Glutathione reductase assay (GSH): Carlberg and Mannervik26 were followed to assess the glutathione reductase activity. Assay mixture (2 mL) was consisting of 0.1 mL Post Mitochondrial Supernatant (PMS), 1.65 mL phosphate buffer (0.1 molar; pH 7.6), 0.1 mL ethylene diamine tetraacetate (EDTA), 0.05 mL oxidized glutathione (1 mM) and 0.1 mL NADPH (0.1 mM). The enzyme activity was noted at 25°C by measuring the disappearance of NADPH at 340 nm and was calculated as nmol oxidized/min mg protein using a molar extinction coefficient of 6.22×103/M cm–1.
Glutathione peroxidase assay (GSH-Px): Glutathione peroxidase (GSH-Px) activity was measured by protocol presented in Mohandas et al.27. The reaction mixture (2 mL) was prepared using 1.49 mL PO4 buffer (0.1 M; pH 7.4), 1 mM EDTA (0.1 mL), 1 mM sodium azide NaN3 (0.1 mL), 0.05 mL glutathione reductase (1 IU mL–1), 1 mM GSH (0.05 mL), 0.2 mM NADPH (0.1 mL), 0.25 mM H2O2 (0.01 mL) and 0.1 mL of tissues homogenate. The disappearance of NADPH at 340 nm was noted. Enzyme activity was calculated as nmol NADPH oxidized/min/mg protein using molar extinction coefficient of 6.22×103 M cm–1.
Glutathione-S-transferase assay (GST): This activity was determined using the procedure presented in Habig et al.28. The reaction mixture (2 mL) was prepared by mixing 1.475 mL phosphate buffer (0.1 M, pH 6.5), 0.2 mL (200 μL) glutathione reduced (1 mM), 0.025 mL CDNB (1 mM) and 300 μL tissue homogenate. The changes in the absorbance were recorded at 340 nm and enzyme activity was calculated as nM CDNB conjugate formed/min/mg protein using a molar extinction coefficient of 9.6×103 M cm–1.
Protein estimation: The total soluble proteins in the homogenate of kidneys and lungs tissues were estimated by the method described in Lowry et al.23. BSA standard curve was used as standard. The amount of protein was expressed as mg mL–1 of tissue homogenate.
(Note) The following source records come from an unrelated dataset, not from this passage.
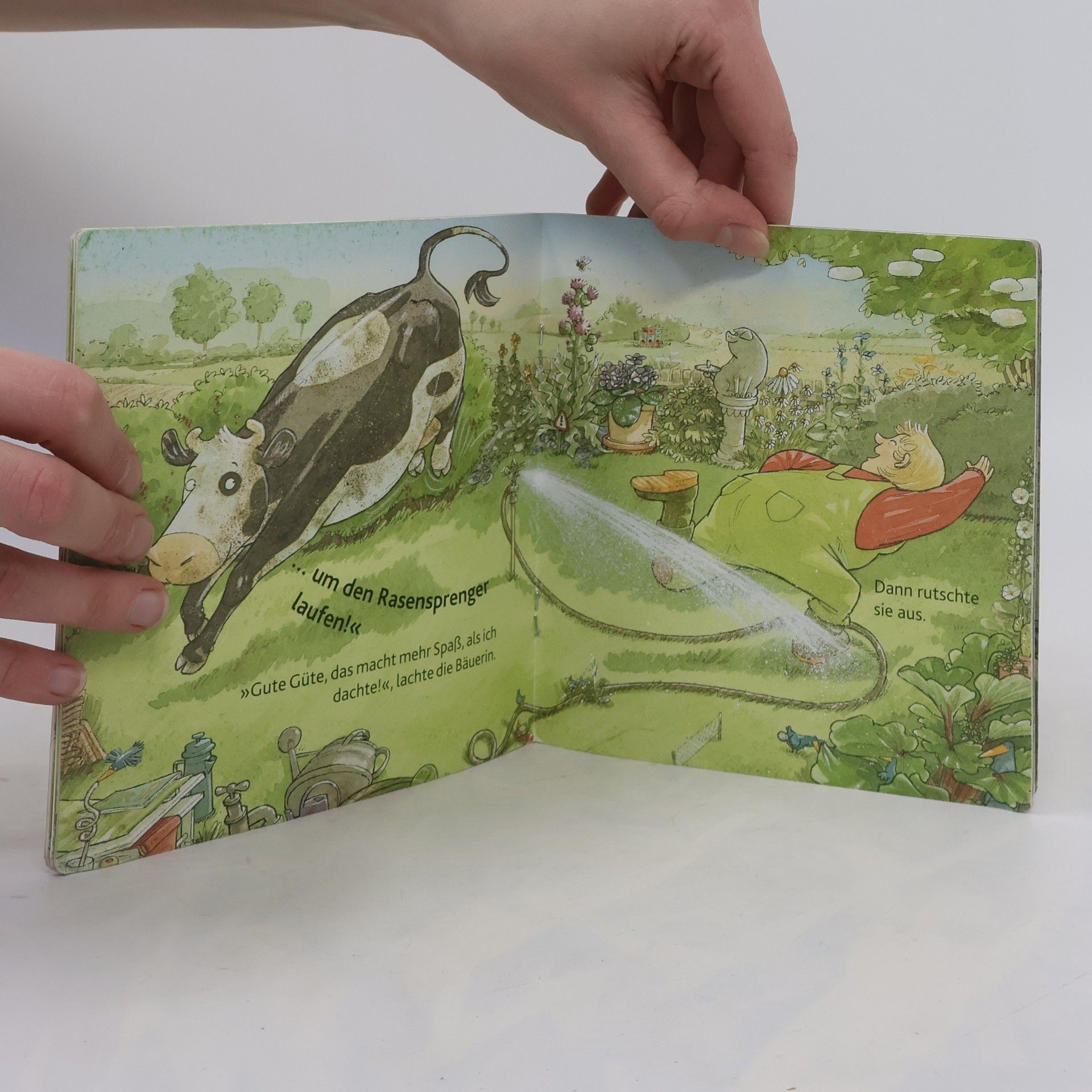 In diesem turbulenten Abenteuer muss die Kuh Lieselotte vor dem Schlafengehen in die Badewanne. Gemeinsam mit den Bauernhoftieren sorgt sie für viel Spaß mit dem Rasensprenger und Gartenschlauch. Am Ende landet sogar die Bäuerin in der Badewanne. Ein lustiges Bilderbuch voller Wasserschlachten und verrückter Hühner.
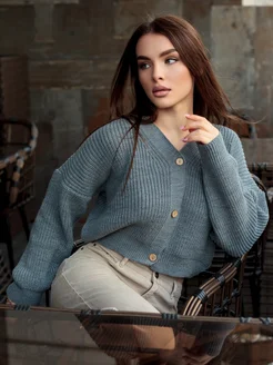 Кардиган укороченный вязаный оверсайз теплый на пуговицах
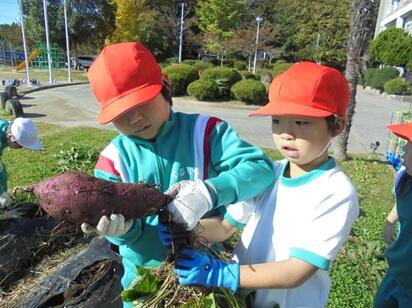 その頃1年生は自分たちで植えたさつまいもの収穫に一生懸命に。「先生見て!つるが私の身長よりも長く伸びてるの!」「このいも、スーパーで売っているのより大きいよ!」「なんか…すごくごつごつしてるなあ…」と、どの子も夢中になって土を掘り、まるで宝探しをしているかのようでした☆
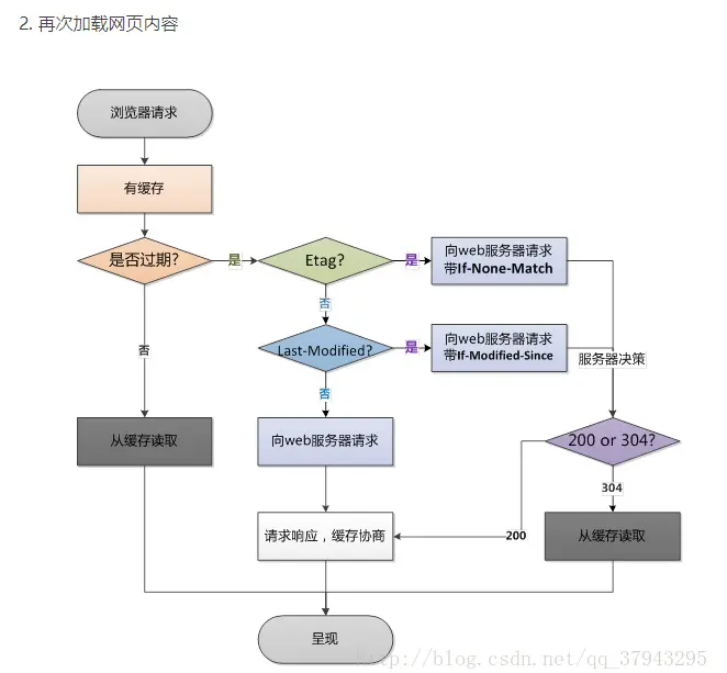 2,协商缓存是在第一次请求时,服务器返回的响应头中不存在Expires与Cache-Control或者过期时,浏览器第二次请求时就会与服务器进行协商,如果缓存与服务器资源的最新版本一致,无需下载服务端直接返回304 Not Modified状态码,如果服务器发现浏览器中的缓存已经是旧版本了,那么服务器就会把最新资源的完整内容返回给浏览器,状态码就是200 Ok。
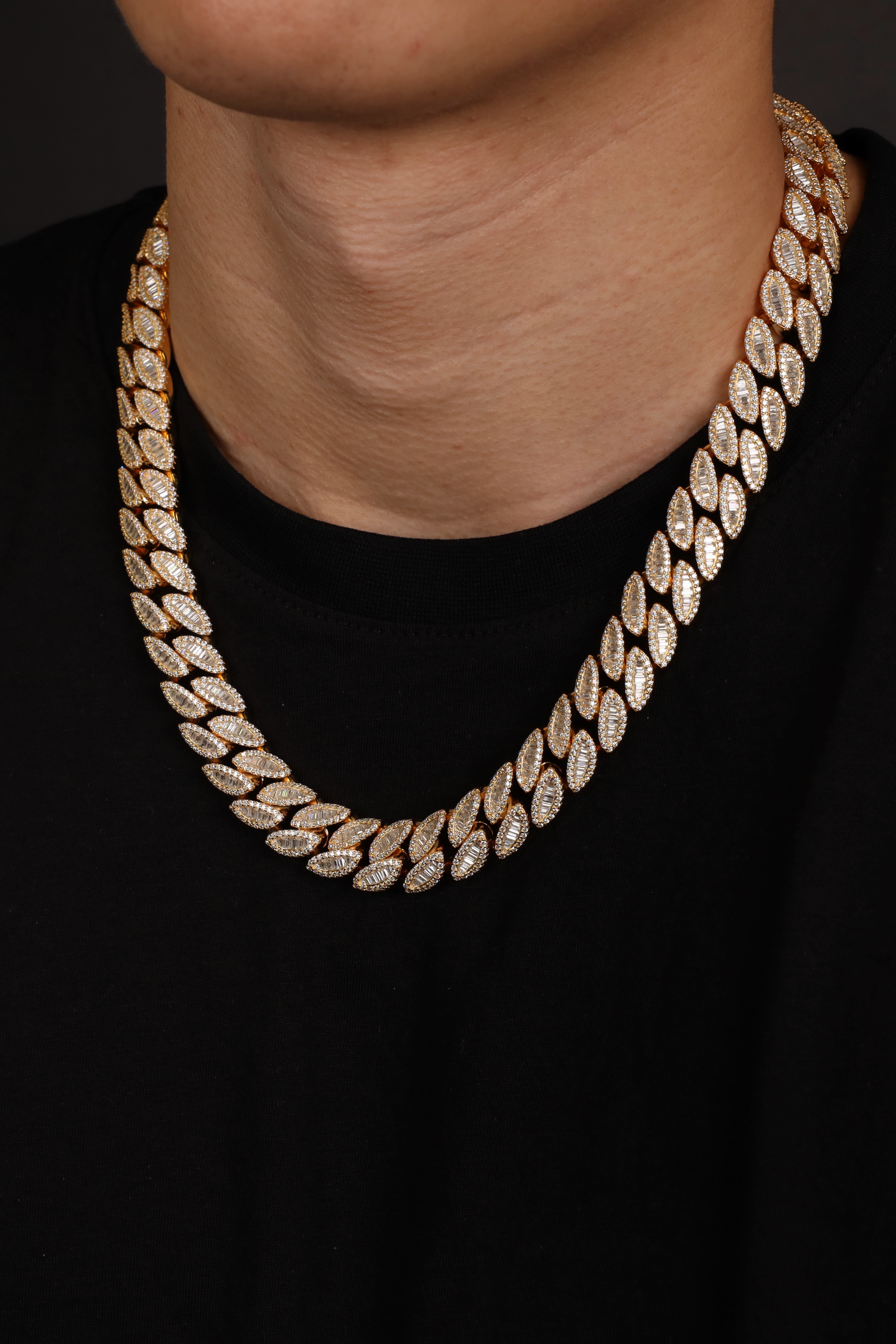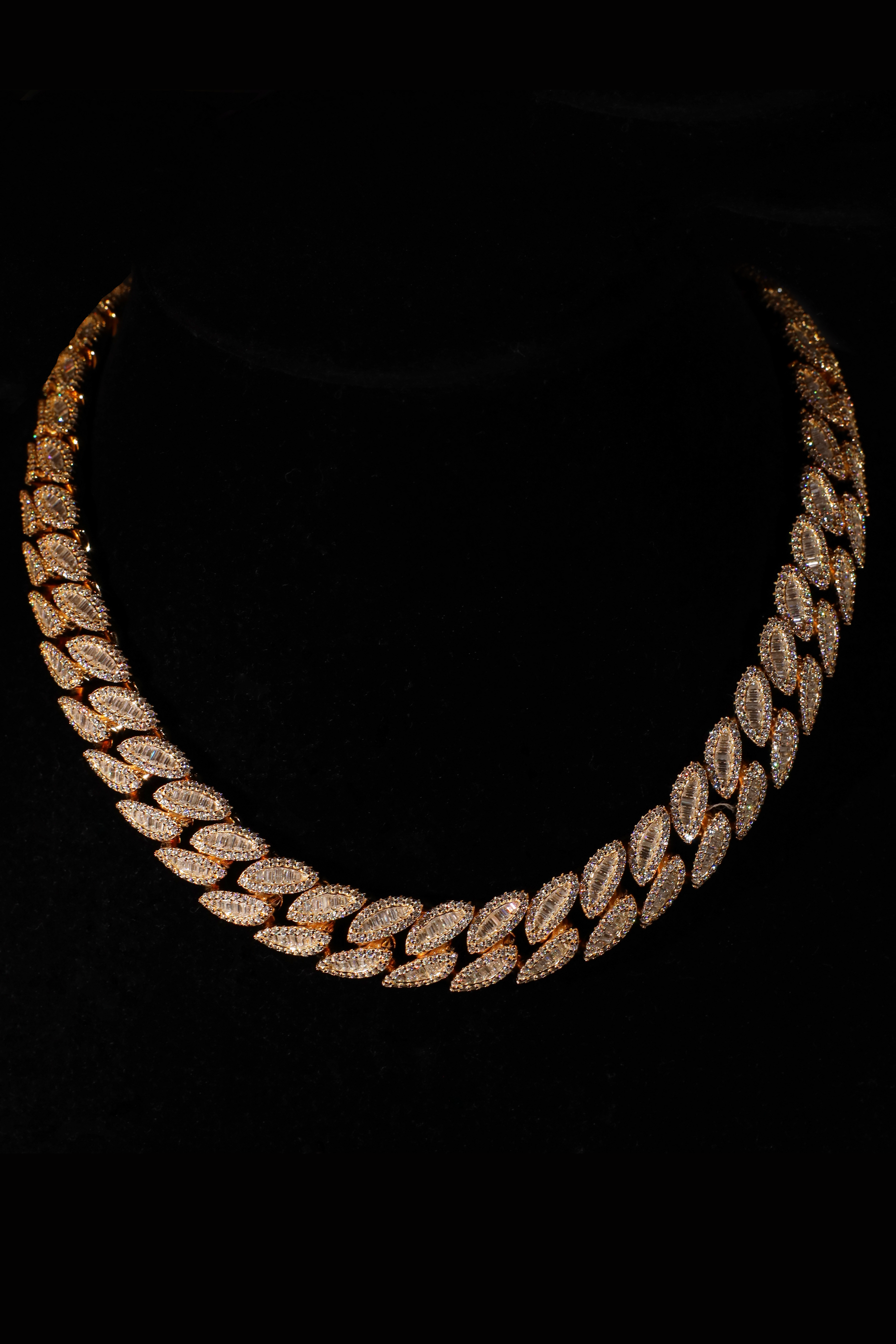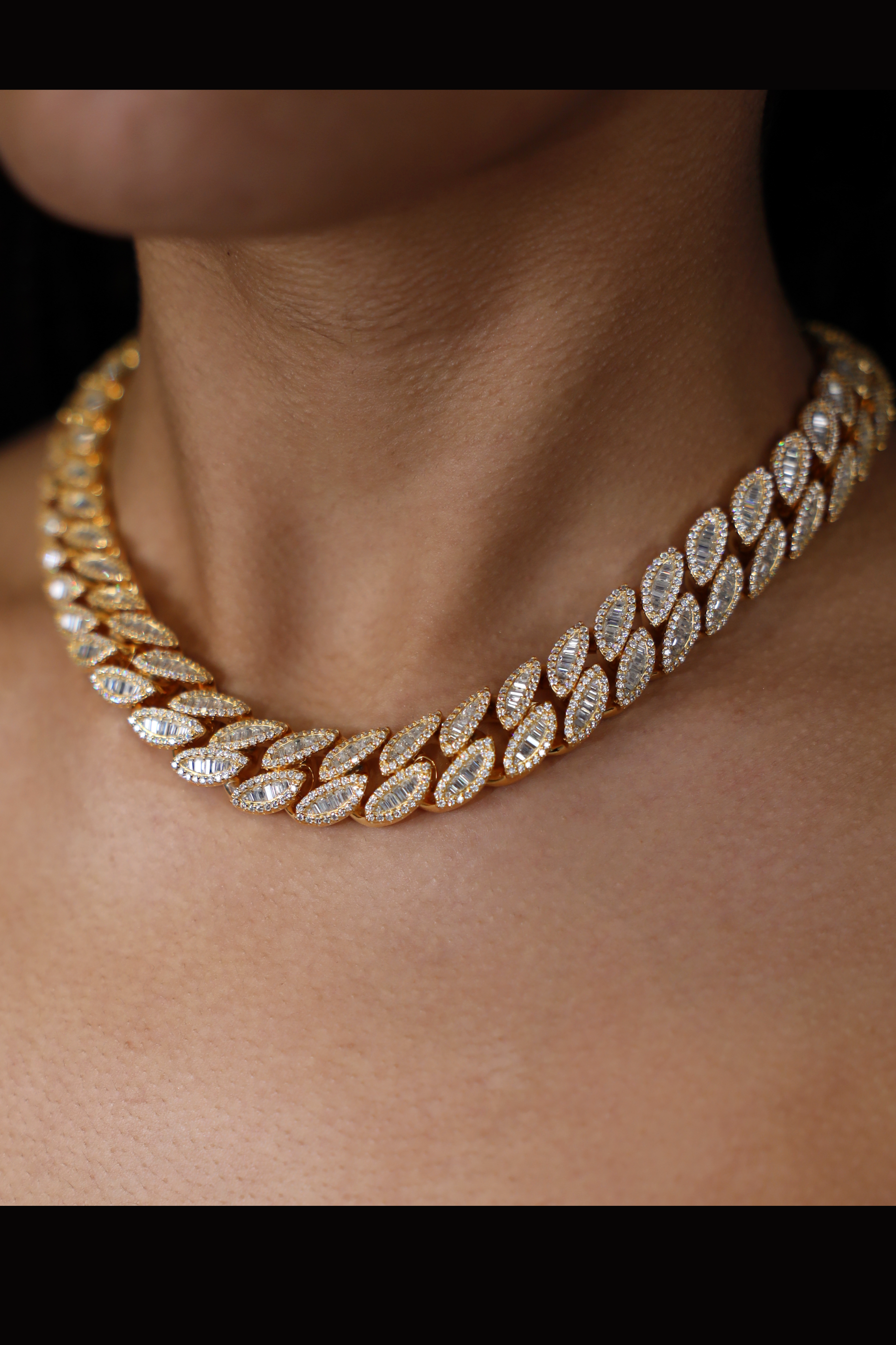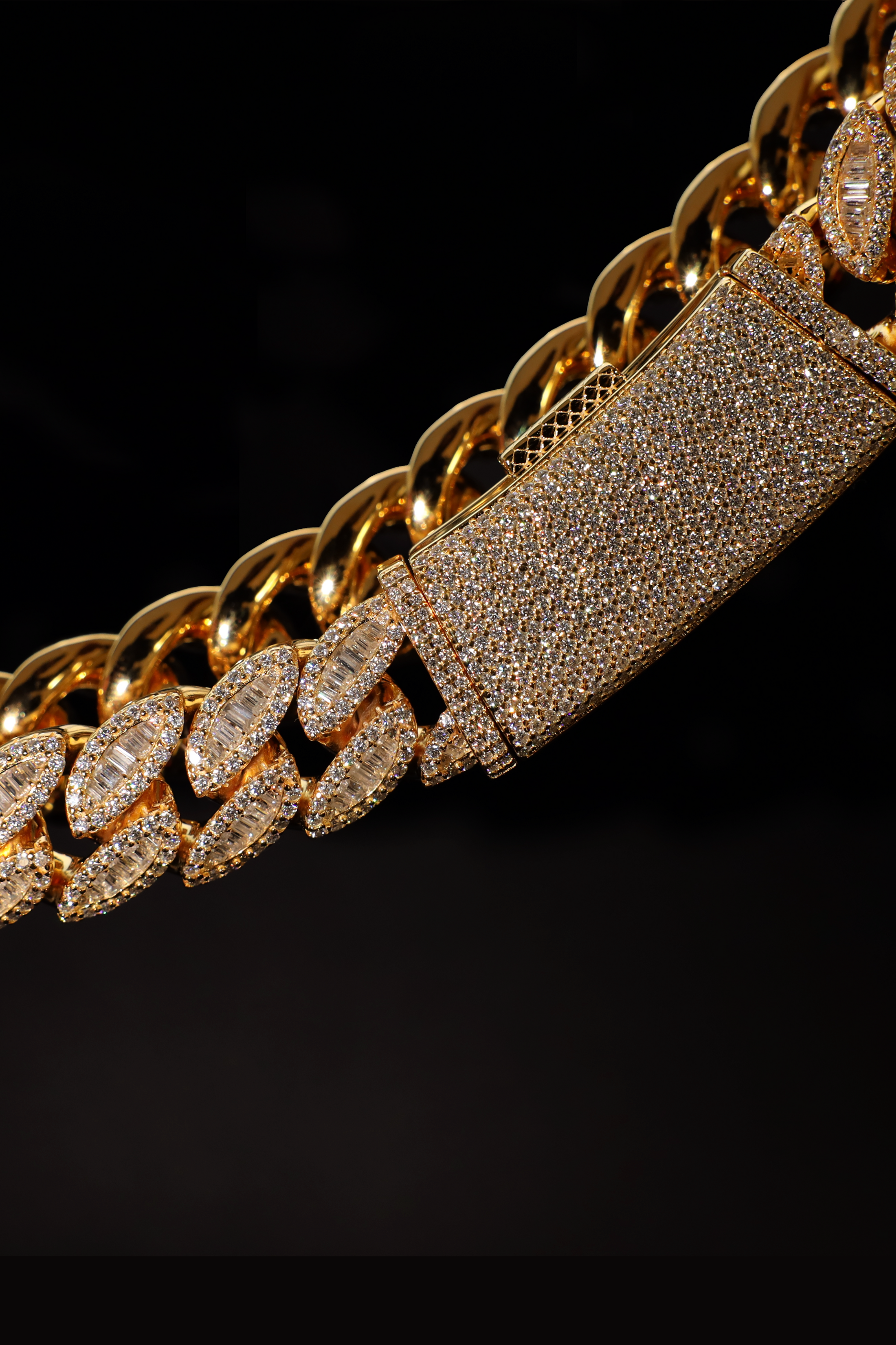 Each link is crafted with precision, featuring an elongated oval silhouette adorned with an array of meticulously set pavé stones. Baguette-cut stones accentuate the centre, adding dimension and depth to the composition. The curvature of the links ensures a seamless flow, allowing the chain to sit with effortless dominance around the neck. Its substantial 16mm width strikes the perfect balance between boldness and sophistication, making it an essential statement piece.

Lipid peroxidation assay: Wright et al.29 was followed for lipid peroxidation. The reaction solution (1.0 mL) contained 0.58 mL PO4 (0.1 M, pH 7.4), 0.2 mL homogenate sample, 0.2 mL ascorbic acid (100 mM) and 0.02 mL ferric chloride (100 mM) solution. The reaction mixture was incubated at 37°C for 60 min followed by the addition of 1.0 mL trichloroacetic acid (10%). Following the addition of 1.0 mL 0.67% thiobarbituric acid (TBA), tubes were placed in a boiling water bath for 25 min and then shifted to crushed ice-bath before centrifuging at 3000×g for 10 min. The amount of TBARS formed in each sample was calculated by measuring the absorbance of the supernatant at 535 nm. The results were expressed as nmol TBARS/min/mg tissue at 37°C using a molar extinction coefficient of 1.56×105 M cm–1.
Serum biochemistry: Blood was collected from the veins of the chicks just before the slaughtering stage of the experiment. Blood samples were centrifuged and serum was stocked up at -20°C. Samples were subjected to analyze the serum albumin, creatinine and urea AMP using diagnostic kits.
Statistical analysis: Data have been presented as mean standard deviation. Computer software (SPSS version 16) was used for statistical analysis. The analysis of variance and post hoc multiple comparison tests were performed to estimate the differences among the different groups. The value of p<0.05 was considered significant.
RESULTS
Effect of NPME on proteins and antioxidant enzymes of
kidney and lungs: Level of antioxidant enzymes (CAT and POD) in the kidney reduced under CCl4 intoxication as shown in Table 1. The data showed a significant decrease as compared to the control condition samples. These enzymes showed a minimum level under CCl4 while under NPME (200 mg kg–1 b.wt.), these showed a significant increase in the silymarin group. Dose-dependent treatment of NPME showed a significant effect. The same pattern was observed while studying the antioxidant activity of lungs homogenate but comparatively low alteration as shown in Table 2.
Effect of NPME on GSH-Px and GST activities: Alteration in kidney and lungs GSH-Px and GST have been shown in Table 3 and 4. GST and GSH-Px activities are significantly reduced under CCl4 treatment as compared to the control conditions samples. Treatment with NPME in dose-dependent manner and silymarin markedly increased the levels of GSH-Px and GST. However, the effect of NPME is greater in kidneys than that of lungs tissues.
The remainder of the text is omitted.